The speaker identification problem is defined as the determination of a speaker identity from his/her voice. Speech recognition is used in real-world human language applications, such as information retrieval. It is the most common means of the communication because the information contains the fundamental role in conversation. From the conversation or speech, it converts an acoustic signal that is captured by a microphone or a telephone, to a set of words. A set of word can either be the final result or it can then apply the synthesis to pronouns into sounds, which means speech-to-speech. Its means that, speech recognition can serve as the input to further linguistic processing in order to achieve speech understanding. Speech recognition systems are characterized by speaking style, speaking mode, environment, vocabulary, acoustic model, language model, perplexity, SNR and transducer.

A speaker identification system is said to be open-set if it can determine whether the given testing utterance belongs to the set of enrolled speakers or not. Otherwise, it is called a closed-set speaker identification system. In order to recognize the speaker, different classification techniques are presented in literature.

Classification refers to deciding the class label (the unknown identity) of the testing signal. In closed-set speaker identification systems, classification is performed by assigning a score for each class that attempts to measure how likely the corresponding speaker produced the given testing utterance. A decision is made in favor of the speaker whose model provides the highest matching score. The classifier performance is measured by its ability to predict the true labels of unknown testing utterances as well as the time need for making a decision. In order to have a good classification performance, training examples (utterances) with known labels are used to estimate the classifier parameters.

The main approaches for speaker identification include Unsupervised learning models, Supervised learning models, Dimensionality reduction techniques and other models based on Acoustic speaker recognition, Feature vector based and speaker Diarization.

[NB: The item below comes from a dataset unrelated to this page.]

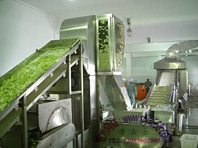 挑選帶→蔬菜清洗機→蔬菜漂洗機→切段機→提升機→震動瀝水機→提升機→蔬菜烘干設備

2.1 Speaker recognition models based on unsupervised techniques

In this approach, a model is constructed for each speaker. The training examples (feature vectors) of each speaker are used to train the corresponding model. In the testing phase, each model calculates a likelihood score with respect to the given testing utterances. This approach is called unsupervised learning because, when each speaker model is trained, the corresponding class label information is not used. Various unsupervised modeling approaches include k-NN, vector quantization (VQ), GMM and HMM.

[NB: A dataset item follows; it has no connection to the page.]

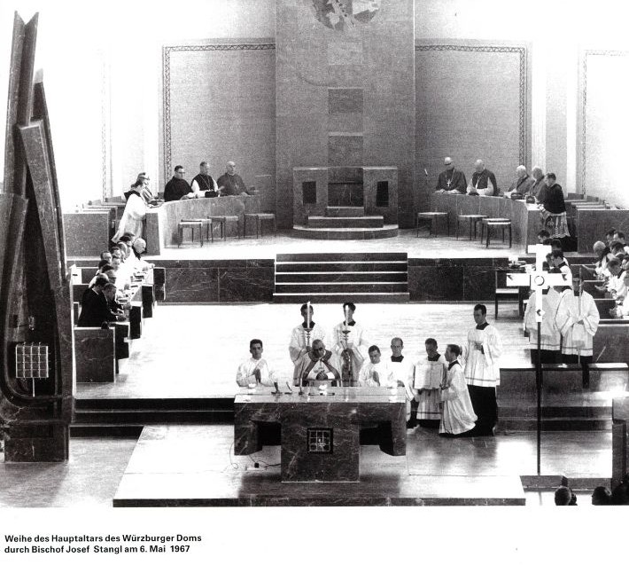 Die Gestaltung des Dominneren hatte in den Jahren zuvor die Gemüter heftig bewegt, unterschiedliche Meinungen trafen dabei immer wieder aufeinander und sorgten für Konfliktpotenzial, das auch in der deutschen Presse seinen Niederschlag gefunden hatte. Albert Schilling übernahm hier also keine leichte Aufgabe, war aber bis zu jenem Zeitpunkt nicht in die Diskussionen verwickelt gewesen. Er konnte somit ohne Vorbelastung an den Gesprächen zur Gestaltung von Vierung und Chor teilnehmen. Bis zum November 1963 waren die grundlegende Gestaltungsfragen – wohl auch durch das Zutun Albert Schillings – geklärt und konnten Bischof Stangl, der zum Konzil in Rom weilte, mitgeteilt werden. Die Position des Altares wie auch die des Sakramentshauses waren Fragen, die kontrovers diskutiert wurden. Diözesanbaumeister Hans Schädel wollte den Altar an zentraler Stelle der Vierung platzieren, hier war er sicherlich mit dem Bildhauer einer Meinung. Das Sakramentshaus allerdings sollte nicht im Altarbereich aufgestellt werden. Schädel sah hierfür die südliche Querhaus-Apside, das Peter- und Pauls-Chörlein, vor. Offensichtlich vertrat Albert Schilling die eigene Position mit solcher Überzeugungskraft, dass seine Vorstellungen zur Umsetzung kamen. Auch bei der Frage des Fussbodens war die Meinung des Künstlers schlussendlich ausschlaggebend. Schilling plädierte für einen einheitlichen Bodenbelag, der die Domkirche nicht mehr in eine Kirche der Geistlichkeit und einen Bereich der Laien separierte. Zum ersten Mal in seiner Geschichte wurde der monumentale Raum nun als Einheit verstanden. Neben theologisch-liturgischen Erwägungen hat den Künstler sicherlich auch die Vorstellung von der Schaffung eines Gesamtkunstwerkes geleitet. Am 1. April 1966 wurde daher die Entscheidung für den schwarzen Lahnmarmor auch als Bodenbelag getroffen.

The advantage of unsupervised learning algorithms over supervised methods is that; new speakers can be added easily to the identification system without the need to retrain other speaker models; another advantage of unsupervised learning algorithms is in the flexibility of adding and removing speakers from the system. Unsupervised learning algorithms are often characterized by the decision function that is used to measure the match between a given testing utterance and a certain speaker model. While distance metrics are utilized with the NN, the dynamic time warping (DTW),and the VO classification methods, a probabilistic likelihood is used with statistical classifiers such as the GMM and the HMM.

In this section we briefly review some of the Speaker recognition models based on Unsupervised Techniques

2.2 Speaker recognition based on nearest neighbor

The NN classification method is a conceptually simple classification technique that is found to be efficient in many pattern classification problems. The training phase just consists of storing all the training data vectors with their corresponding labels. To classify a testing example, the closest $k$ training examples are found, and a decision is made to the class that is most common in those k neighbors. Since a speech utterance is represented by a set of feature vectors, a distance metric between two sets of feature vectors should be defined.

3. Generalized gamma distribution

The probability density function of the generalized gamma distribution is given by

$\displaystyle f(x,k,c,a,b)=\frac{c{(x-a)}^{ck-1}e^{-{\left(\frac{x-a}{b}\right% )}^{c}}}{b^{ck}\Gamma(k)}$ (4)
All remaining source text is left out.